We are doing this but it doesn’t work as I still love him. We sleep in the same bed and so I just live in a perpetual state of (false) hope that things will change which is very painful. He has been offered a job abroad and wants us to go - don’t know how he thinks we could move away living in this weird set up, away from family etc!

I think if you don’t love each other any more and get on very well then it could work as long as you have agreed boundaries. My parents had a very strange relationship, as did my grandparents who spent much of the year apart in their different houses. But somehow I was always grateful they were all still together.

Kazzz65 · 08/05/2019 10:04

I stayed in the house separated and filing for divorce but moved out once divorced. I guess if you can both draw up an agreement you can co-parent and still have your own lives. The trouble is if you both find other partners will they accept this arrangement?

stucknoue · 08/05/2019 16:28

Living in same house, works ok (admittedly a larger house which means he has separate bedroom and also and office/living room) however not sure if it's good for me longer term as I want him back really

coco123456789 · 08/05/2019 17:57

Stucknoue - do your kids know about the situation? What I find really hard is having to pretend things are normal in front of them

PotteringAlong · 08/05/2019 18:01

We sleep in the same bed

He has been offered a job abroad and wants us to go

Coca, it sounds to me very much like you’ve not split up at all...!
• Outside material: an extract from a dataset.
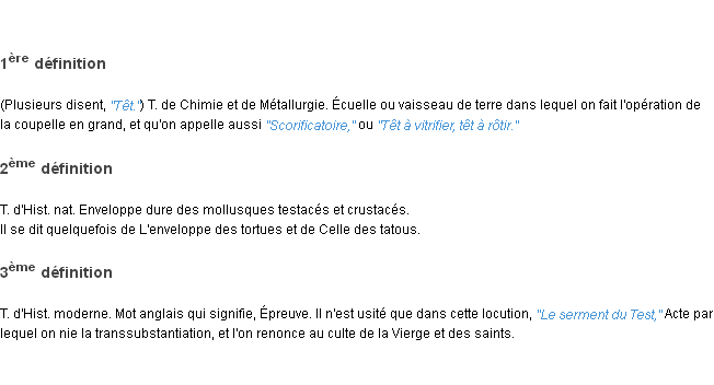Définition du mot « test » par l’équipe de la-definition.fr (édition de 2011).Merci à Aude et Désiré pour la numérisation du mot test.
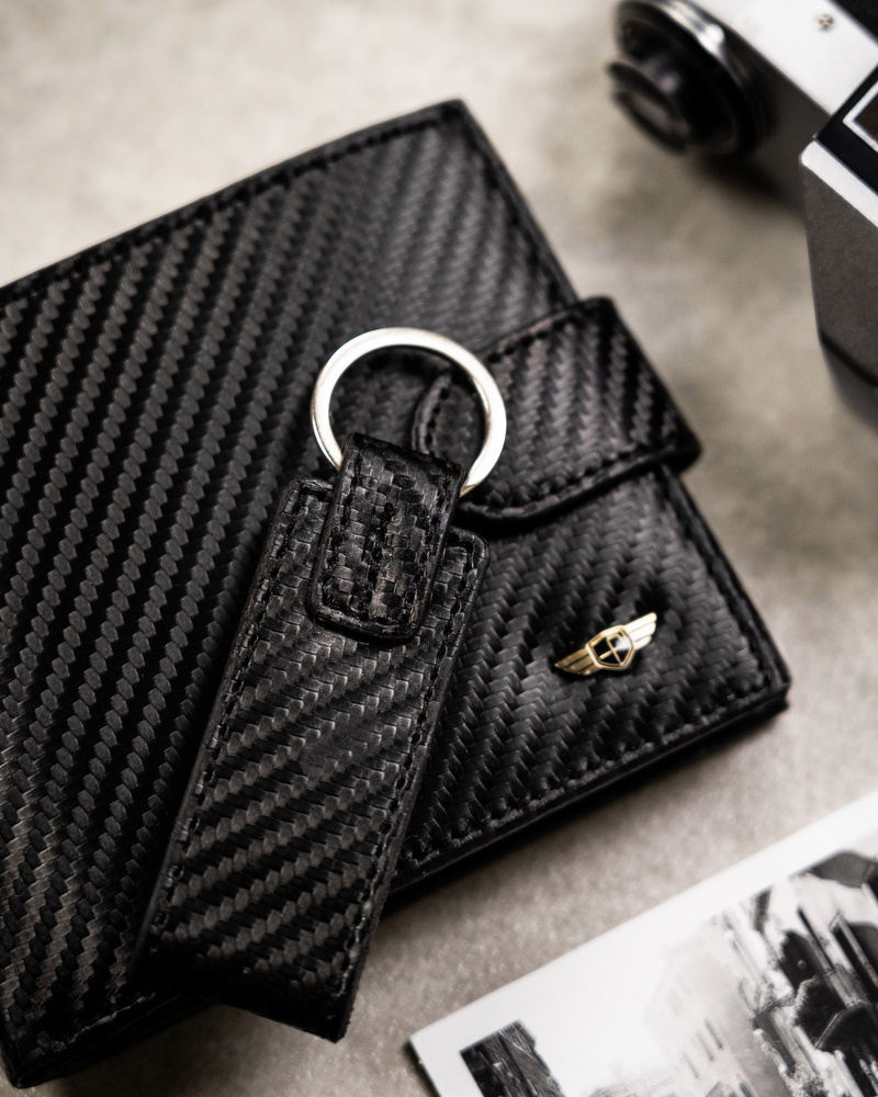 - W komplecie ze stylowym breloczkiem | Brelok ozdobni Twoje klucze. Podobnie jak portfel stylizowany jest na włókno węglowe

Finfintytint · 08/05/2019 18:06

My friend’s parents did this. They had a large manor house though and divided the house in two. I know they did this for many years but I don’t know what the end result was.

coco123456789 · 08/05/2019 18:07

We’re together for the kids he says. I have a very depressive tendency and he said he just cannot take the fact that I am impossible to make happy. Won’t let me hug him or anything, totally withdrawn. Only wants us to move abroad so that the kids are there too I think. He really wants to be with the kids, he would never leave them. He would never move out for that reason, they are his world.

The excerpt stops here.